Instructions for the task:
Your job is to give again, exactly and with no additions, the lines in the records below from the one with "在勤学园餐厅,校领导详细了解" through the one with "Thông báo bán", both included. Omit the pictures.

Provided records START

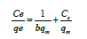Where qe and qmax are solid phase adsorbate concentration at equilibrium (mgg-1) and maximum adsorption capacity (mgg-1), Ce is the adsorbate concentration at equilibrium (mg/L) and KL is the Langmuir constant (L/mg). Langmuir isotherm is a model that is often employed for metal ion uptake during adsorption, it suggests that a certain adsorbent possesses a definite number of active pores with similar energy level for monolayer coverage [13]. The original Langmuir equation can be expressed in a linear form as follows:
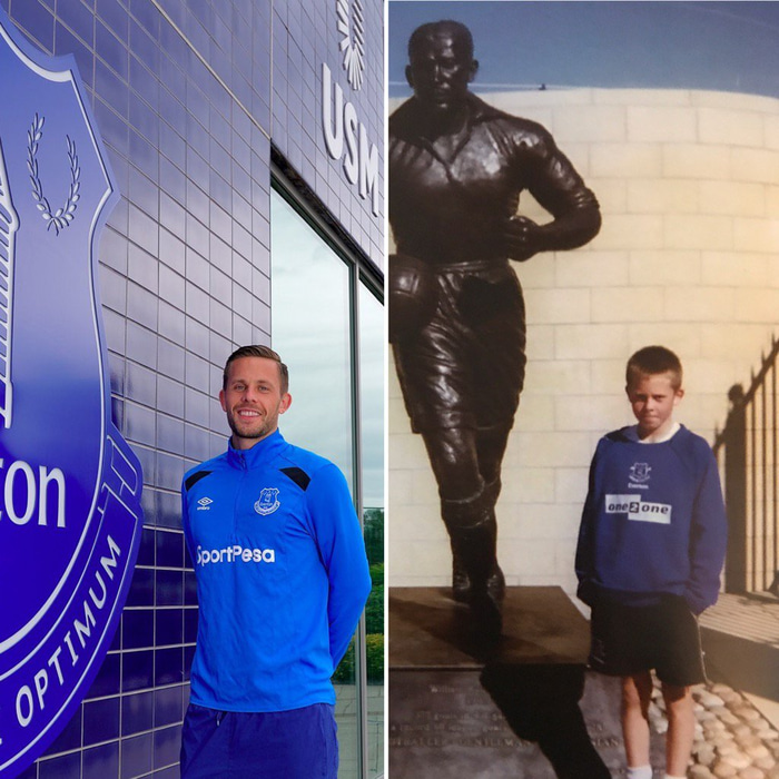 Gylfi þá og nú í Everton búningi
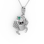 Kök zümrüt ve siyah zirkon 8 ayar beyaz altın kolye (40 cm beyaz altın rolo zincir)
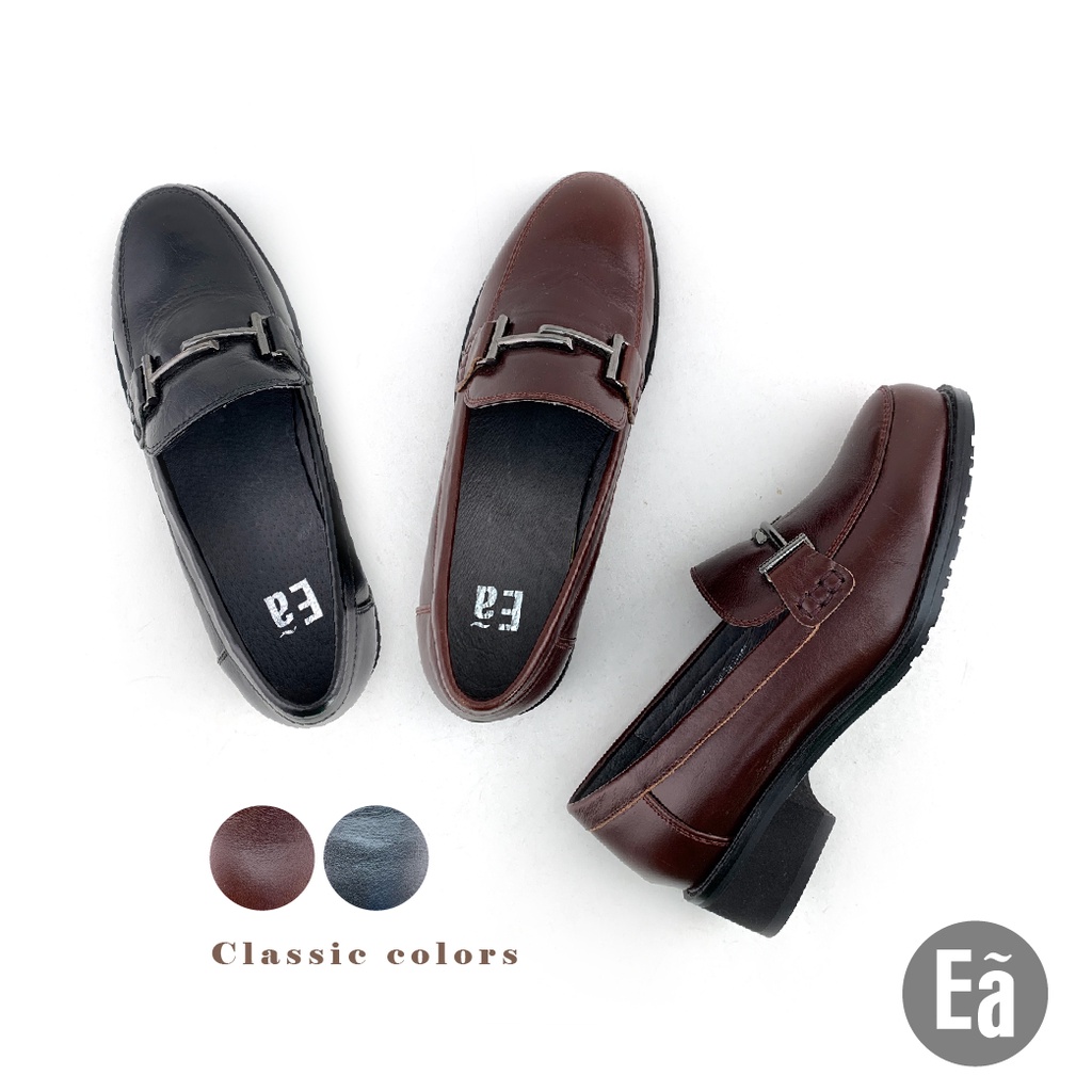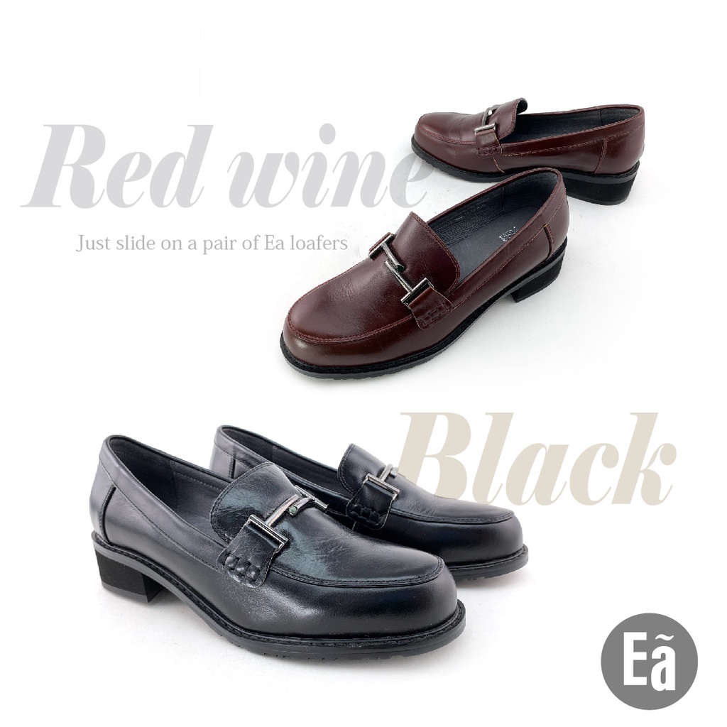 Ea專櫃真皮女鞋 真皮 英倫系 素色 深口 低跟 樂福鞋 學生鞋(暗紅/黑)8858
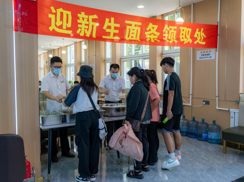 在勤学园餐厅,校领导详细了解迎新菜品情况,并与新生父母亲切交谈。学校准备了“迎新面”,让新生免费领取。“上车饺子下车面”,吃在嘴里,暖在心里,一根根面条就像学校对每一名新生的丝丝牵挂,也代表了学校对新生的热切欢迎和美好祝愿。
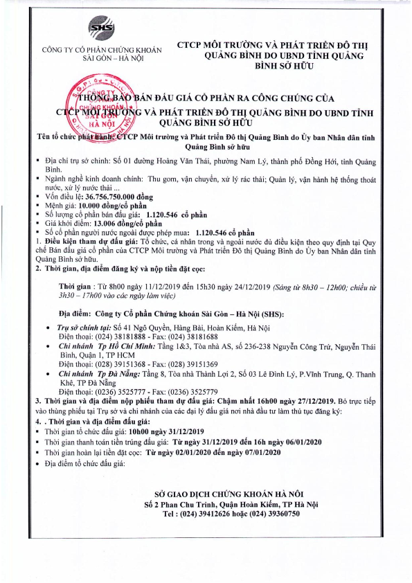 Thông báo bán đấu giá cổ phần lần đầu ra công chúng của CTCP Môi trường và phát triển đô thị Quảng Bình do UBND tỉnh Quảng Bình sở hữu
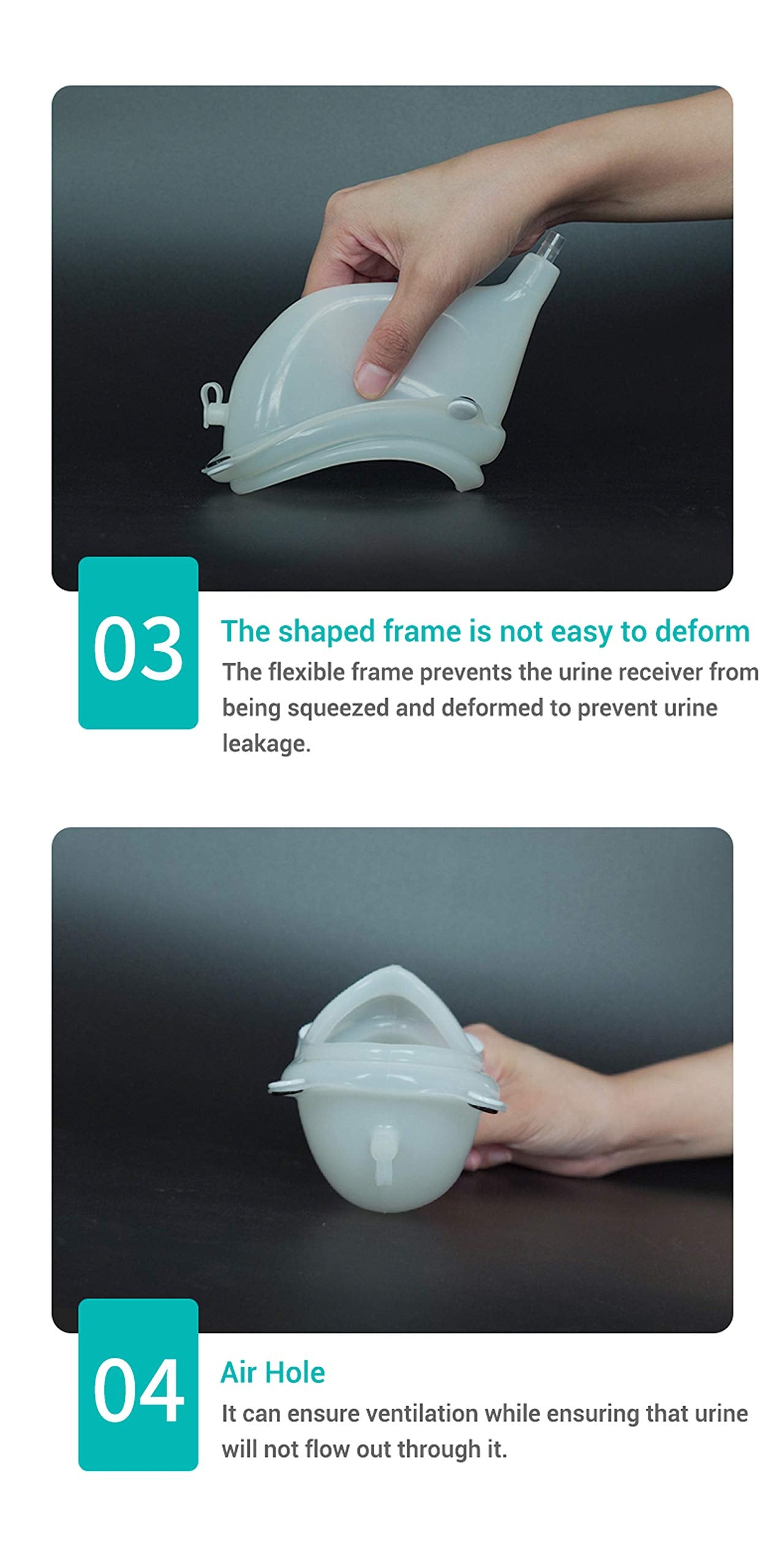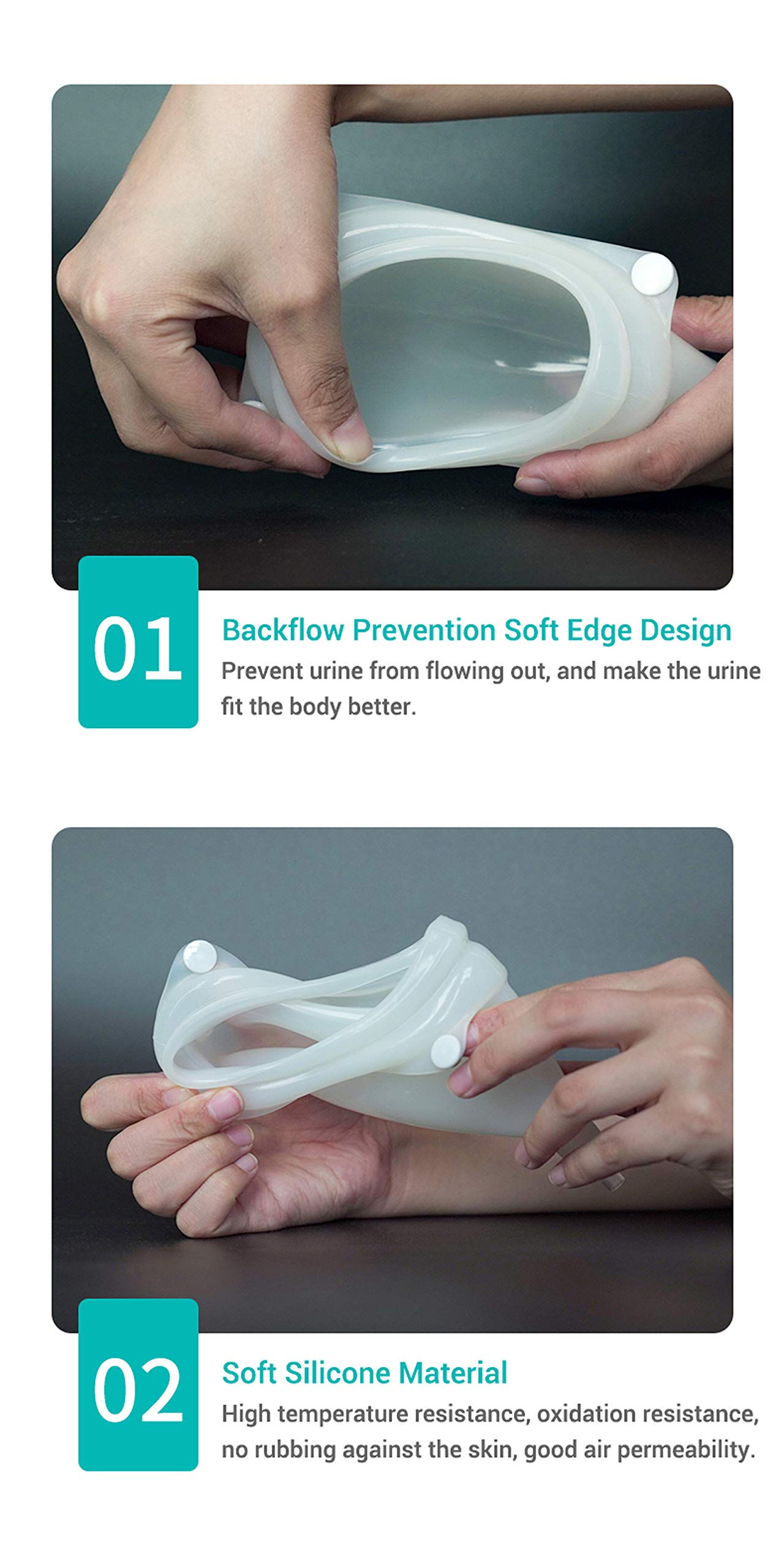 - Pārnēsājams un atkārtoti lietojams: Viegli tīrāms, mīksts silikona apvalka materiāls nodrošina labāku hermētiskumu un lielāku komfortu salīdzinājumā ar tipiskiem pisuāriem.

Provided records END

Solution:
 在勤学园餐厅,校领导详细了解迎新菜品情况,并与新生父母亲切交谈。学校准备了“迎新面”,让新生免费领取。“上车饺子下车面”,吃在嘴里,暖在心里,一根根面条就像学校对每一名新生的丝丝牵挂,也代表了学校对新生的热切欢迎和美好祝愿。
 Thông báo bán đấu giá cổ phần lần đầu ra công chúng của CTCP Môi trường và phát triển đô thị Quảng Bình do UBND tỉnh Quảng Bình sở hữu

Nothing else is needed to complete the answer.